- **Your assignment**:
Reproduce the lines below exactly. Begin with the first, end with the line containing "Então corte em", and leave out the pictures.

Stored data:
● ● ● ●

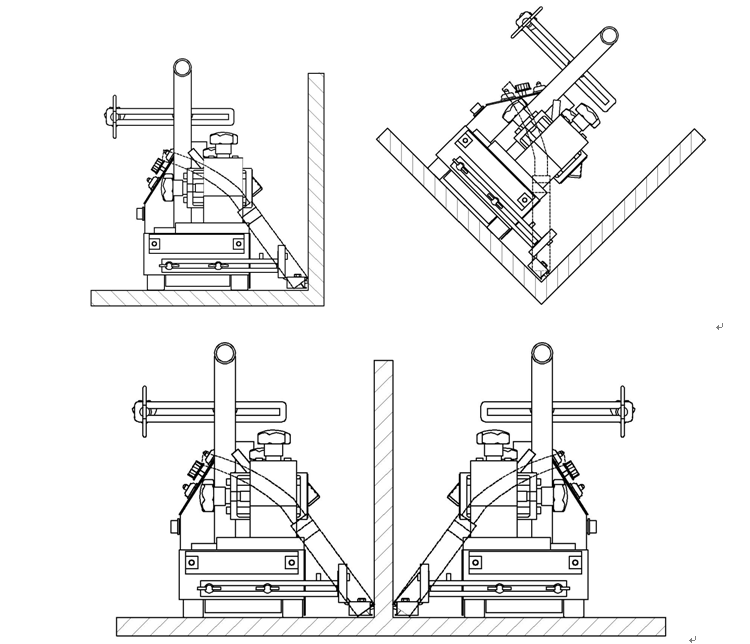4.磁鐵離合手柄:手柄置中向上,磁性為關閉狀態;手柄各左或向右旋至與兩驅動中心線平行位置,磁性為打開狀態。 5.焊槍微調裝置:用此裝置可以很方便調整焊槍對準焊縫。 |
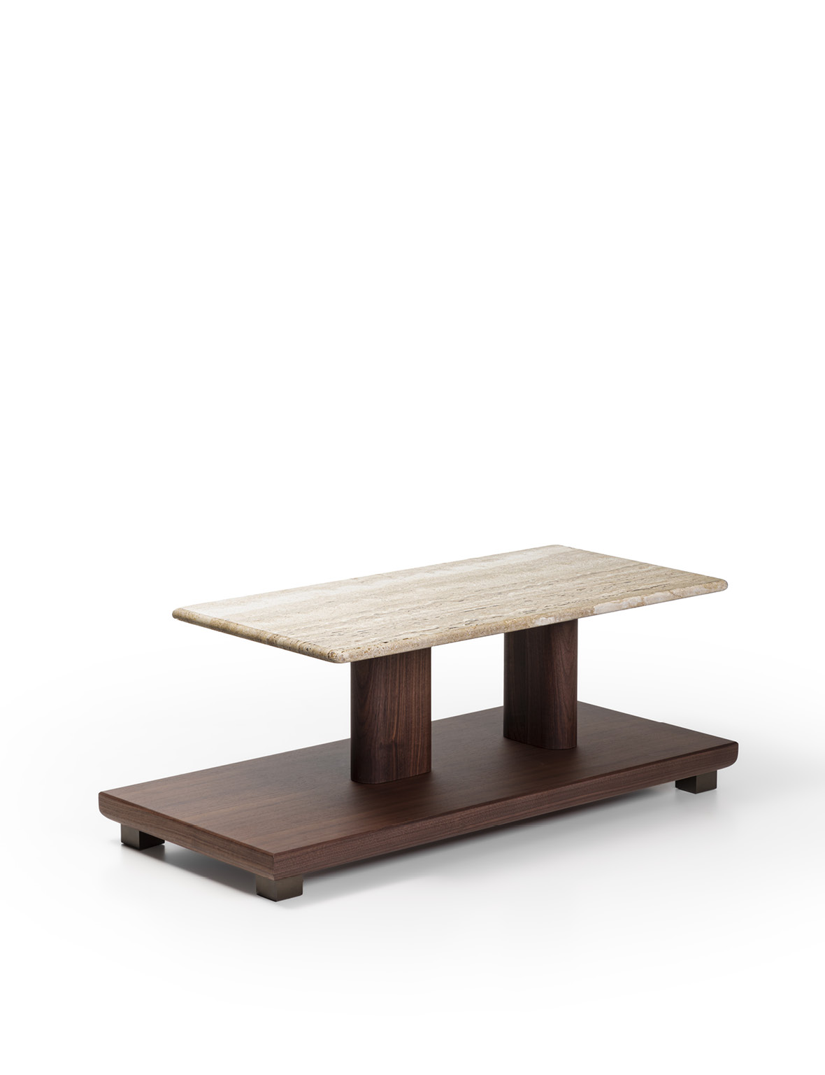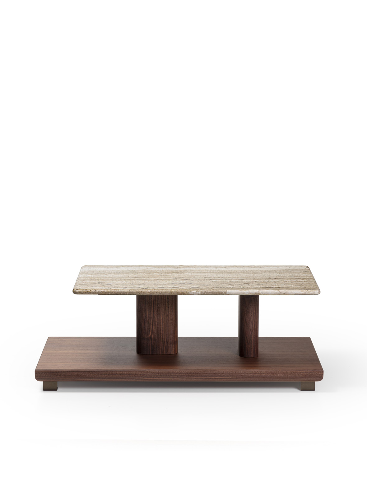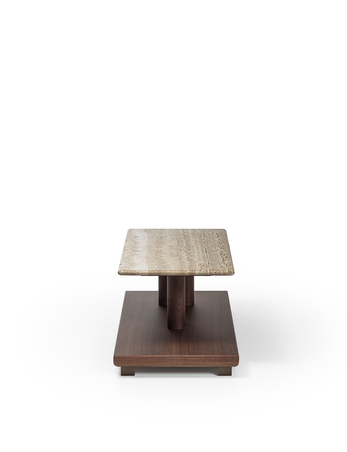 Collection of coffee tables for Kirk sofa with base in solid canaletta walnut supported by Bronzoro-finish metal feet.
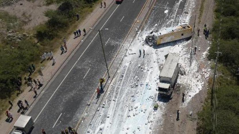 También se evidencia destrucción en la parte de adelante. A causa del siniestro, hay un aproximado de 180 metros de vía con pintura de agua derramada. Hasta el momento (12:00), la Panamericana Norte permaneció cerrada en ambos sentidos desde el desvío a Collas, hasta el redondel de Guayllabamba.
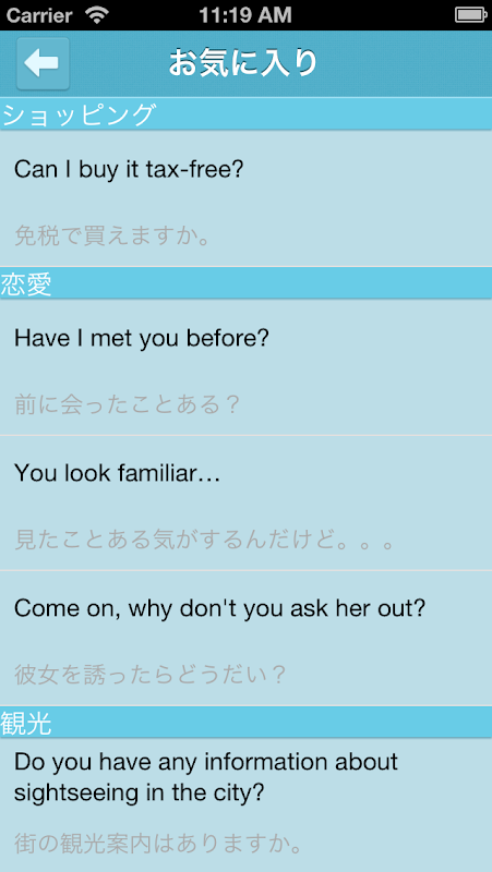日常生活、恋愛、ビジネス、空港、ホテル、観光などのような場面で頻繁によく使う会話が含まれているので、どれもやさしくて使いやすいアプリです、早速使ってみてください。
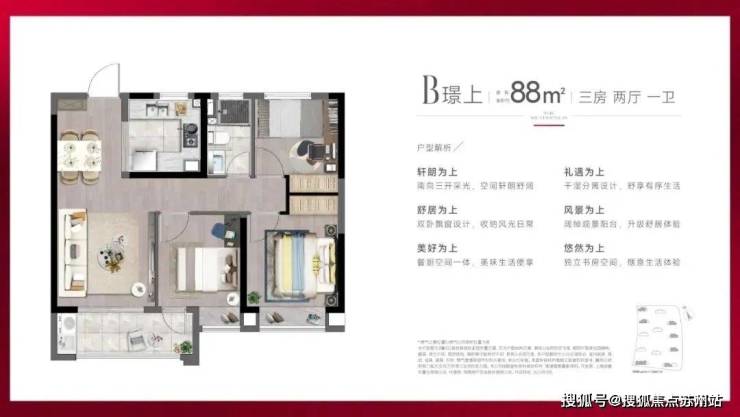 建面约88㎡3房2厅1卫户型,做到了三开间朝南+双朝南卧室带飘窗+动静分离,采光面拉到极致的小3房。这是一个相对主流户型,受众面大,三口、四口之家居住都非常适合,未来流入二手房市场,也能收获更多买家的青睐。
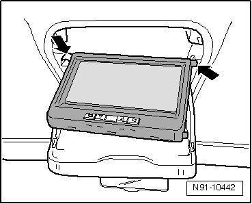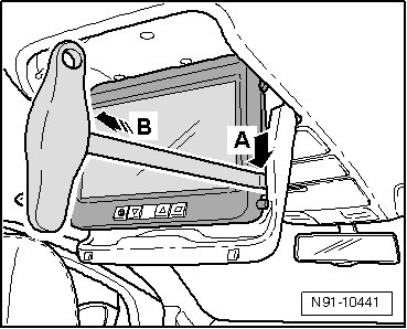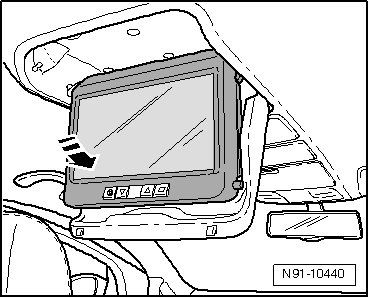 - Guide hook (VAS 3370) between monitor and cover in roof console and move it downward in - direction of arrow - until it contacts plastic monitor pins.
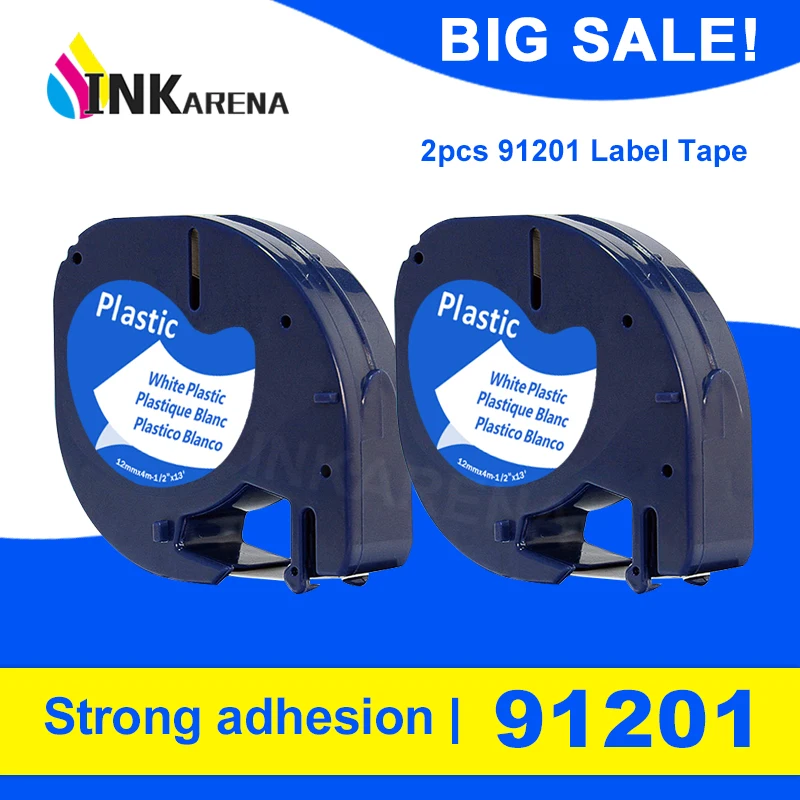 INKARENA 2 Pack Compatible Dymo 91201 Label Tape Black on White 12mm X 4M For LetraTag Plus LT100H LT100T Printer Ribbons
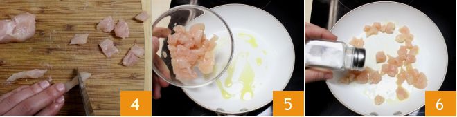 Então corte em pequenos pedaços de pouco mais de 1 cm 4. Em uma frigideira, aqueça um fio de azeite e adicione os pedaços de frango 5. Deixe dourar por alguns instantes, mexendo para dourar de todos os lados. Em seguida, adicione sal a gosto.
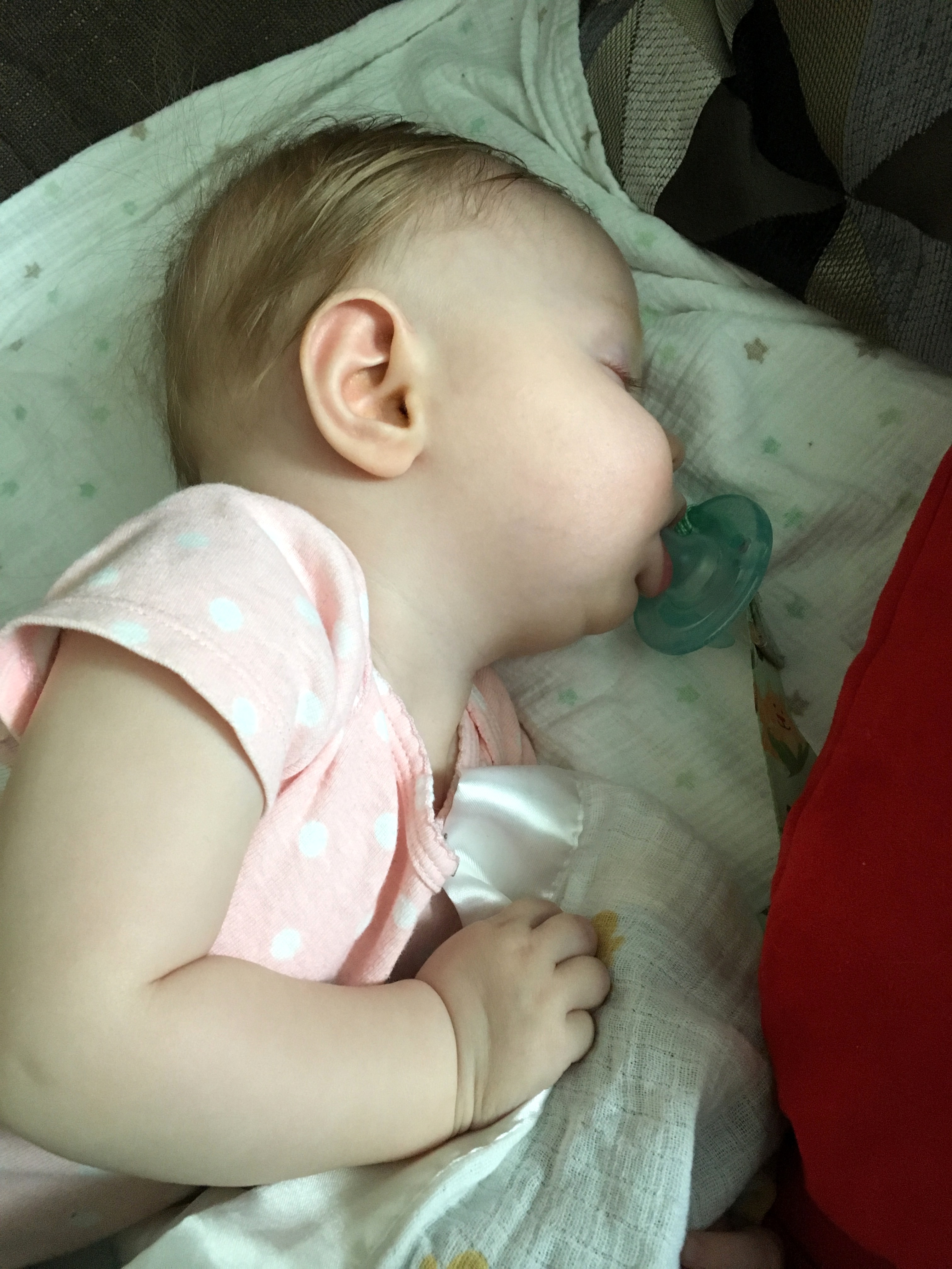 After his nap routine, I tried to pump on the right and got drops. It was such an awful feeling. I tried to feed her again and she was fussing and just seemed sleepy, so I laid down on the couch with her, and she snuggled up to my chest and fell asleep. She woke about 45 minutes later – barely – and I nursed her laying there. She got some milk from each side and fell back asleep. I was so relieved that she got some. But those hours of worry made me want to boost my supply and at least get a little stock in the freezer. She slept for over 2 hours off and on -which is kind of a record for her, and she nursed a little more again. She was able to get milk when she wanted, and was mostly happy through the day, so it’s safe to assume she’s not hungry.
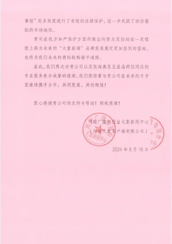 近日,我們收到河南廣播電視臺(tái)大象新聞中心(河南大象客戶(hù)端有限公司)的感謝信,對(duì)集佳在知識(shí)產(chǎn)權(quán)方面給予的專(zhuān)業(yè)支持與優(yōu)質(zhì)服務(wù)表示衷心感謝,并熱情稱(chēng)贊集佳河南分公司張海燕與王晶晶在服務(wù)中展現(xiàn)出的“不拋棄、不放棄”的鉆研精神與專(zhuān)業(yè)細(xì)致的工作態(tài)度!

● ● ● ●

- **Answer to this exercise**:
4.磁鐵離合手柄:手柄置中向上,磁性為關閉狀態;手柄各左或向右旋至與兩驅動中心線平行位置,磁性為打開狀態。 5.焊槍微調裝置:用此裝置可以很方便調整焊槍對準焊縫。 |
 Collection of coffee tables for Kirk sofa with base in solid canaletta walnut supported by Bronzoro-finish metal feet.
 También se evidencia destrucción en la parte de adelante. A causa del siniestro, hay un aproximado de 180 metros de vía con pintura de agua derramada. Hasta el momento (12:00), la Panamericana Norte permaneció cerrada en ambos sentidos desde el desvío a Collas, hasta el redondel de Guayllabamba.
日常生活、恋愛、ビジネス、空港、ホテル、観光などのような場面で頻繁によく使う会話が含まれているので、どれもやさしくて使いやすいアプリです、早速使ってみてください。
 建面约88㎡3房2厅1卫户型,做到了三开间朝南+双朝南卧室带飘窗+动静分离,采光面拉到极致的小3房。这是一个相对主流户型,受众面大,三口、四口之家居住都非常适合,未来流入二手房市场,也能收获更多买家的青睐。
 - Guide hook (VAS 3370) between monitor and cover in roof console and move it downward in - direction of arrow - until it contacts plastic monitor pins.
 INKARENA 2 Pack Compatible Dymo 91201 Label Tape Black on White 12mm X 4M For LetraTag Plus LT100H LT100T Printer Ribbons
 Então corte em pequenos pedaços de pouco mais de 1 cm 4. Em uma frigideira, aqueça um fio de azeite e adicione os pedaços de frango 5. Deixe dourar por alguns instantes, mexendo para dourar de todos os lados. Em seguida, adicione sal a gosto.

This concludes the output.